We found several differences in the distribution of demographic characteristics between the approaches (Table 1). For example, the mean age at death via the single-source approach was 42.4 years, which increased to 45.8 years via the multiple-source approach (an increase of approximately 3.5 years). This change was likely driven by the multiple-source approach identifying a greater percentage of older people with SCD, as made evident by the higher percentage of people aged 51 to 75 years (35.1% vs 29.4%) and ≥76 years (5.3% vs 2.1%) in the multiple-source approach.
Demographic characteristics of decedents with sickle cell disease (SCD) at the time of death, by death ascertainment approach, California and Georgia, 2004-2019 a
Single-source approaches rely on death certificates alone to identify people with SCD who died, while multiple-source approaches first identify those with SCD and then link them to death certificates to ascertain mortality status.
Includes Native American/American Indian, missing, unknown, and “other specified,” as reported on the death record.
Includes free-standing birthing centers and other long-term care facilities in Georgia and hospice in California.
When compared with the single-source approach, the multiple-source approach identified a greater percentage of female (54.4% vs 50.3%) and Hispanic (3.4% vs 1.7%) decedents. The single-source approach resulted in a higher percentage of missing data for education (49.6% in single source vs 42.7% in multiple source). Similarly, the percentage of records missing data for the rural–urban indicator was greater in the single-source approach (4.2%) than in the multiple-source approach (0.5%). The single-source approach indicated a higher percentage of decedents having an autopsy performed (17.3% vs 13.6% in multiple source), although the multiple-source approach indicated a greater percentage of records missing data on autopsy status (50.0%) as compared with the single-source approach (46.9%). Finally, the distribution of data for place of death differed between the approaches. Most notably, the percentage of deaths occurring in a hospital was higher in the single-source approach than in the multiple-source approach (58.3% vs 55.7%), whereas the percentage occurring at the decedent’s residence was slightly higher in the multiple-source approach than in the single-source approach (15.9% vs 14.5%).
In the single-source approach, we found that 2.8% of deaths were caused by communicable diseases, 90.8% by noncommunicable diseases, and 2.4% by injuries, leaving 4.0% of deaths categorized as garbage codes (Table 2). In the multiple-source approach, we found that 5.1% of deaths were caused by communicable diseases, 80.4% by noncommunicable diseases, and 5.8% by injuries; otherwise, 8.5% of deaths were categorized as garbage codes and 0.2% were missing information on cause of death. The most notable difference in these distributions was the relative attribution of noncommunicable diseases as the underlying cause of death. Specifically, 65.8% of deaths were attributed to “other noncommunicable diseases” as the underlying cause in the single-source approach, as compared with 41.3% in the multiple-source approach. In the classification scheme described by Foreman et al, 37 the ICD-10-CM codes for SCD were assigned to that category. Accordingly, we found a greater percentage of underlying noncommunicable causes of death other than SCD in the multiple-source approach. For example, we found a higher percentage of cancer in the multiple-source approach as compared with the single-source approach (6.9% vs 3.7%). The percentage of garbage codes in the multiple-source approach was more than double the percentage in the single-source approach (8.5% vs 4.0%), most likely attributable to higher percentages of heart failure (1.2% vs 0.2%) and ill-defined codes (2.1% vs 0.1%) in the multiple-source approach.

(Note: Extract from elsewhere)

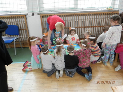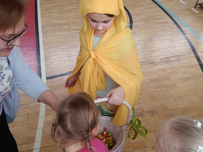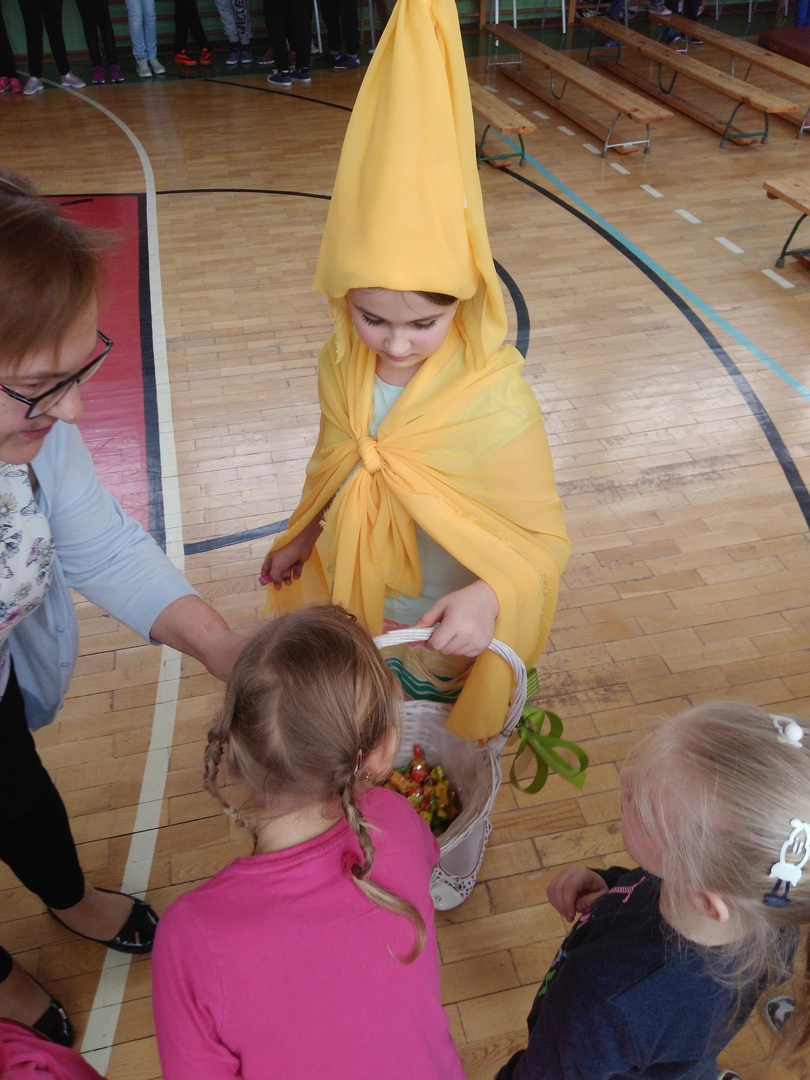 Na koniec „Wiosenne Wróżki” wyczarowały koszyczki ze słodyczami i obdarowały dzieci cukierkami.

Distribution of underlying cause of death among decedents with sickle cell disease (SCD) at the time of death, by death ascertainment approach, California and Georgia, 2004-2019 a
Single-source approaches rely on death certificates alone to identify people with SCD who died, while multiple-source approaches first identify those with SCD and then link them to death certificates to ascertain mortality status.
Discussion
The objective of this study was to evaluate how 2 major approaches for ascertaining death status among people with SCD may produce different epidemiologic understandings of SCD mortality patterns. We leveraged population-based surveillance systems in 2 states to evaluate the differences that arise in crude death counts, demographic profiles at time of death, and causes of mortality by using 2 approaches: first, a single-source approach, searching death certificates alone for people with SCD who died; second, a multiple-source approach, identifying a cohort of people with SCD and then linking them to death certificates. The results of our analysis highlight substantial differences between the approaches.
One major finding of this study is that the multiple-source approach identified an exceptionally higher number of deaths among people with SCD as compared with the single-source approach. The most likely explanation for this finding lies in the design of the single-source approach, in which death certificates alone contain a limited number of ICD-10-CM fields to identify people with SCD, as captured at a discrete point in time (ie, time of death); in contrast, the multiple-source approach relies on several integrated data sources spanning longer periods. The implications of this difference are notable for SCD mortality research. For example, many prior studies that relied on death certificates alone frequently calculated SCD mortality rates15,16; the results of our analysis raise concerns about the accuracy of these rates given that the numerator was likely undercounted (ie, the number of deaths in the SCD population). It is plausible that SCD mortality rates are higher than previously estimated. Knowledge of these higher rates may inform the creation of SCD mortality review boards to better explore this issue.
A second major finding of this study is that the average age of death among SCD decedents was several years older in the multiple-source approach than in the single-source approach. One explanation for this finding is that the single-source approach may be capturing data on people with the most clinically severe genotypes of SCD, who were dying at earlier ages because of SCD complications (as evident by the differences in the “other noncommunicable diseases” category). Conversely, the multiple-source approach is likely capturing more people with SCD than the single-source approach, but ultimately these people die of non-SCD underlying causes of death. Several studies have noted increases in age at death among people with SCD,10,12,15,16 and the results of our study indicate that longevity in the SCD population may be higher than previously estimated, a positive clinical finding.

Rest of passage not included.